┌──
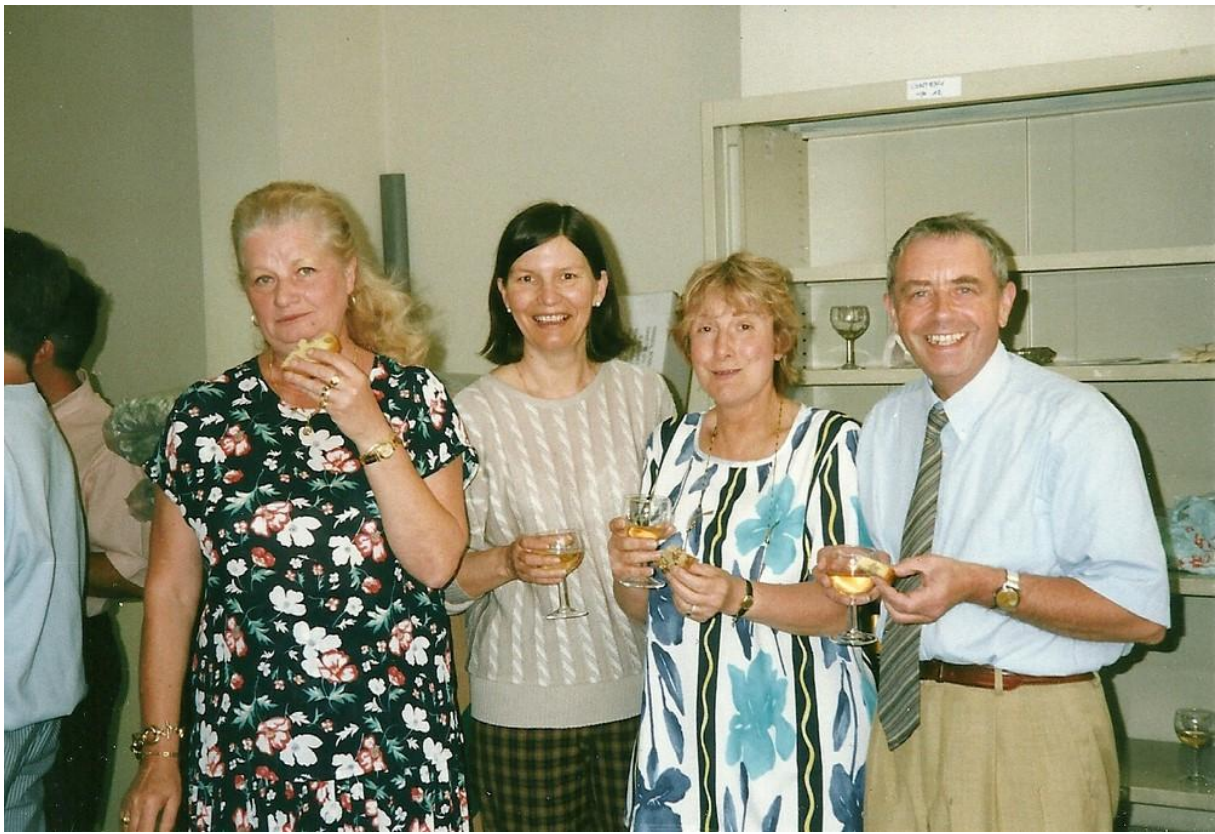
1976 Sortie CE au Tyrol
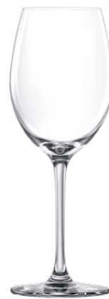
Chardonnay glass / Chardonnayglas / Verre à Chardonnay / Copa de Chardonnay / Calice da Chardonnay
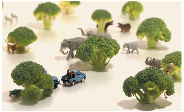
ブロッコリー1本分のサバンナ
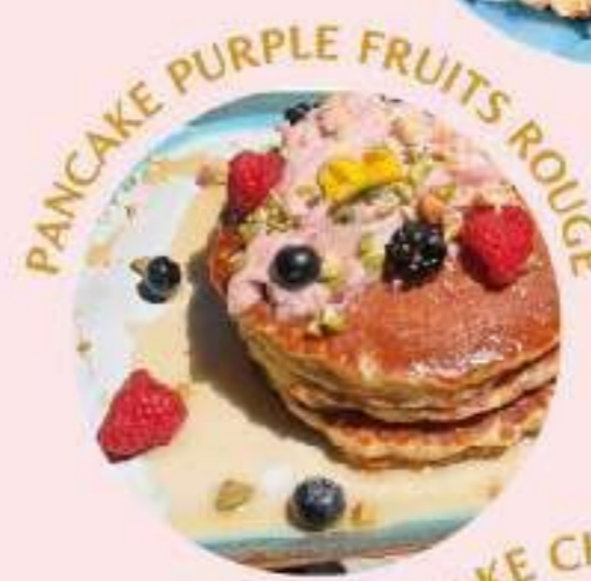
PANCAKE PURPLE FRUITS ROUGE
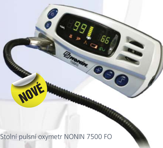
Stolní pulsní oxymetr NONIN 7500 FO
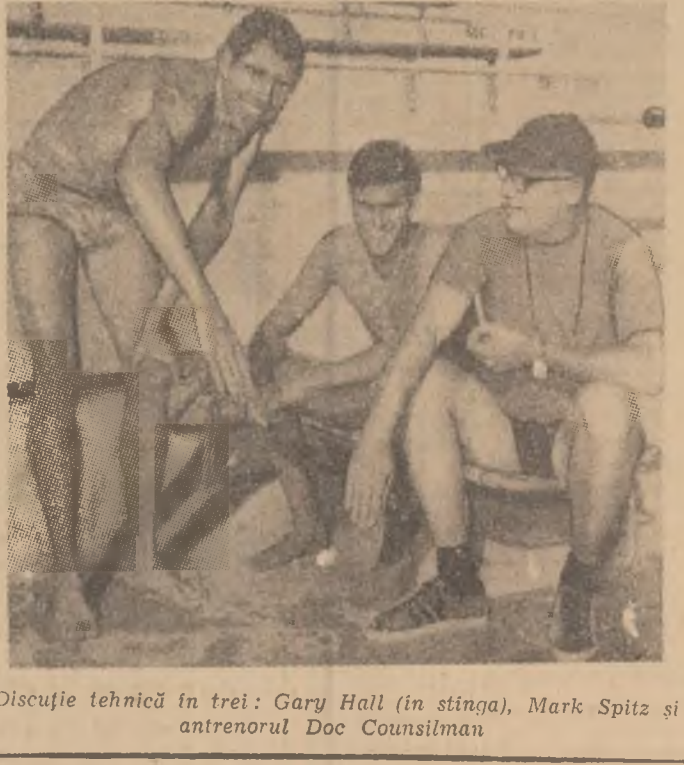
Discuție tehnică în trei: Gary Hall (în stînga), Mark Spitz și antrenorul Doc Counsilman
└──
┌──
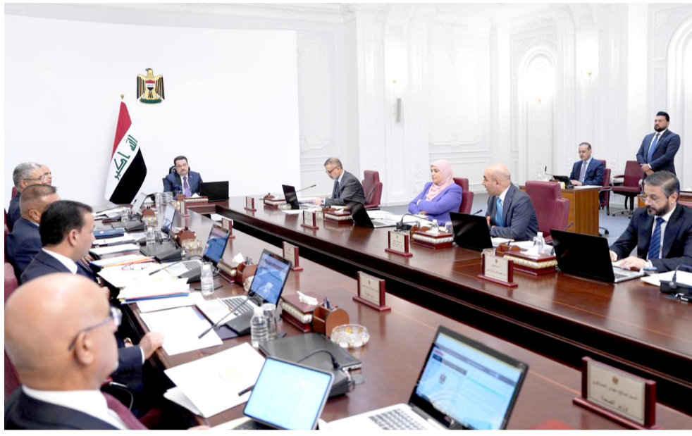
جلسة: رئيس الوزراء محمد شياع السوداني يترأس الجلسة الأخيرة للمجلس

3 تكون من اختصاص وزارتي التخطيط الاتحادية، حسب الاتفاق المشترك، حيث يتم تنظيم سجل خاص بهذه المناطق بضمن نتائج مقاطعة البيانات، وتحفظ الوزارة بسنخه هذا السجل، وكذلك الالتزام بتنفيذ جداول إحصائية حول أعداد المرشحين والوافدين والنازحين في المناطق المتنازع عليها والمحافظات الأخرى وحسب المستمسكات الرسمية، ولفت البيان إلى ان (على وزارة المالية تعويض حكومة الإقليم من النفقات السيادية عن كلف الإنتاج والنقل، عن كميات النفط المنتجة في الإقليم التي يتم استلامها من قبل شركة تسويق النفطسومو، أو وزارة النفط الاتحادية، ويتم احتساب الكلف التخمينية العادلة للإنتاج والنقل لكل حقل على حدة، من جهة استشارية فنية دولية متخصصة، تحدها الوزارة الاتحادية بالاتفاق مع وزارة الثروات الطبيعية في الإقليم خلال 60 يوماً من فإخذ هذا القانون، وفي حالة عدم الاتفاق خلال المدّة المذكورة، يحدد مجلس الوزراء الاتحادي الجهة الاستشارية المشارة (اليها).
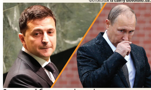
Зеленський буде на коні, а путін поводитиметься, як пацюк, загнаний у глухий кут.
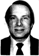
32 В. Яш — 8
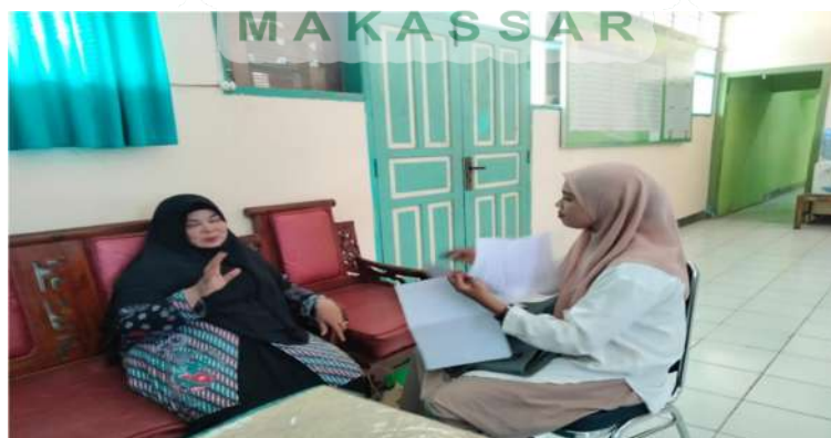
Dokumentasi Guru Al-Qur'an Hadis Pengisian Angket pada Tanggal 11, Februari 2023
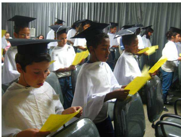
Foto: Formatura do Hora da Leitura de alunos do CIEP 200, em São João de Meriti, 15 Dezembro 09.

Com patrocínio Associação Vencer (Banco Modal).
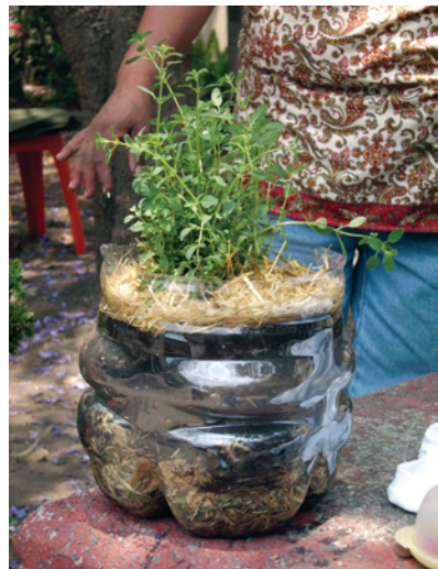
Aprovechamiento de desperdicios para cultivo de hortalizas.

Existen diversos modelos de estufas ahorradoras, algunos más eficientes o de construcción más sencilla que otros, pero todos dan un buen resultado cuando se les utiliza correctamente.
└──
┌──
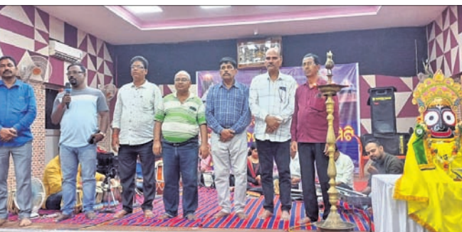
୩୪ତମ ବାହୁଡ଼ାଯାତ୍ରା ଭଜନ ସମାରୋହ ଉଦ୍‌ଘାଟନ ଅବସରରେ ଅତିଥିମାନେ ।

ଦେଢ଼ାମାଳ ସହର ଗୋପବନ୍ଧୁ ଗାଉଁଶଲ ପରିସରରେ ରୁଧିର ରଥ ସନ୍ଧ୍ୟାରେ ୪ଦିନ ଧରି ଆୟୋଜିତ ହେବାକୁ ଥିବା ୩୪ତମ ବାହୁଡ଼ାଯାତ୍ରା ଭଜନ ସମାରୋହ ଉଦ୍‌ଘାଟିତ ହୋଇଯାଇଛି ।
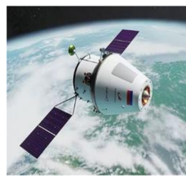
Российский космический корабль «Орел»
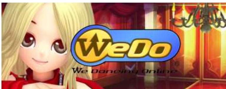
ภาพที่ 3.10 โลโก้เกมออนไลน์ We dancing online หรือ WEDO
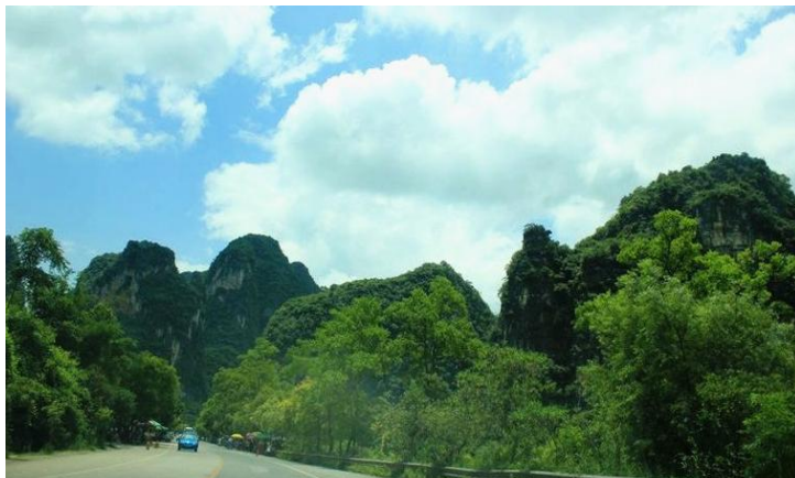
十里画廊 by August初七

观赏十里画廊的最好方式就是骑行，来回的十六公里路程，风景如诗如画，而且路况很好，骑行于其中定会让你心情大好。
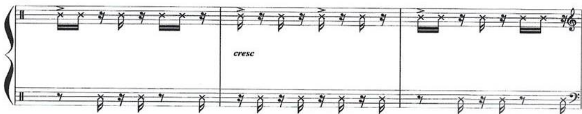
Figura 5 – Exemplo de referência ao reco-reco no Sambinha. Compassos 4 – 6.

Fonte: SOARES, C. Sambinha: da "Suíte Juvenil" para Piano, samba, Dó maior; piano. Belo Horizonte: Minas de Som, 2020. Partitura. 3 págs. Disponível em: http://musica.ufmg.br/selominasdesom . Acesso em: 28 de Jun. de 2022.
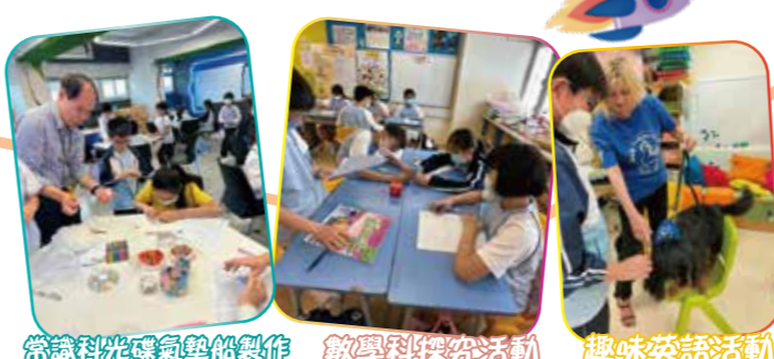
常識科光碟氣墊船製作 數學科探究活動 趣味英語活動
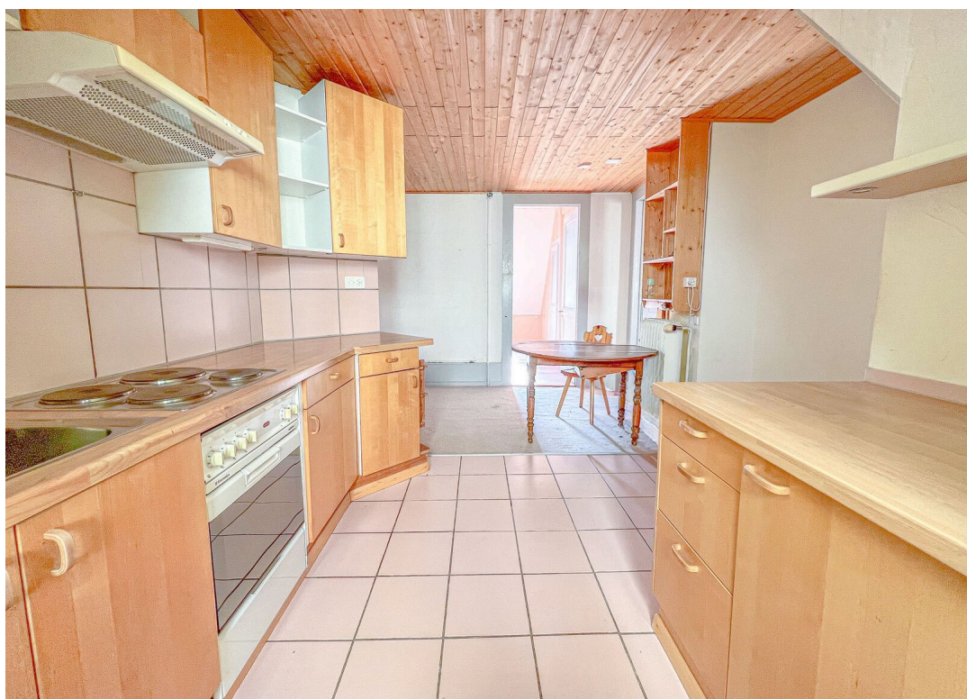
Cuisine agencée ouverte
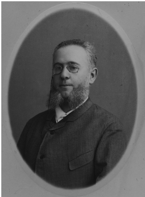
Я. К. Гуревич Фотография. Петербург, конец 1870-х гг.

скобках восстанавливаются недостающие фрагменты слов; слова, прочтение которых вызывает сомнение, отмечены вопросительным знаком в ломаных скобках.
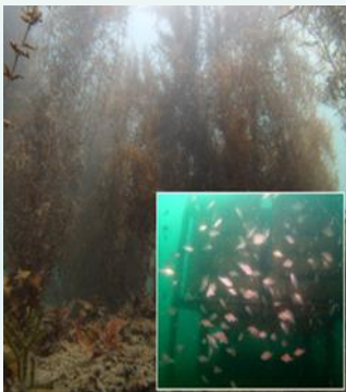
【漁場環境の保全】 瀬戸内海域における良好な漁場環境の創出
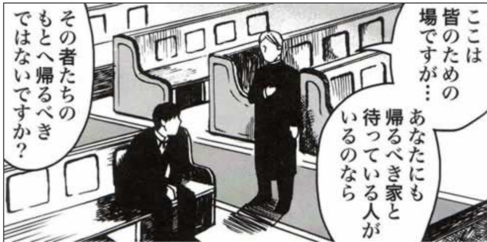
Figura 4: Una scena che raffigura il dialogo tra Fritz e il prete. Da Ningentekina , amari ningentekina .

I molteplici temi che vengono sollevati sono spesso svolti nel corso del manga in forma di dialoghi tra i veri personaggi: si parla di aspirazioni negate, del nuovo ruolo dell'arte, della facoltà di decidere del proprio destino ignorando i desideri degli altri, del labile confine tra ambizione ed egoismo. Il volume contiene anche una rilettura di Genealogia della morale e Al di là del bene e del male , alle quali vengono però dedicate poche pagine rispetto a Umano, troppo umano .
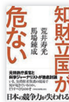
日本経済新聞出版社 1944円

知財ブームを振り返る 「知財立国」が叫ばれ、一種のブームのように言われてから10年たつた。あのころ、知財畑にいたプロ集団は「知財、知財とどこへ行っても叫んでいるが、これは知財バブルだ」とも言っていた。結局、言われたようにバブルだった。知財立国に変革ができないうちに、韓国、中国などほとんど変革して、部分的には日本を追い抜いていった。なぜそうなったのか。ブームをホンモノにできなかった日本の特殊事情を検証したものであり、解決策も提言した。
└──
If a line of the records holds the word "Figura", count it; report only the total.

■ **Solution for this task**
2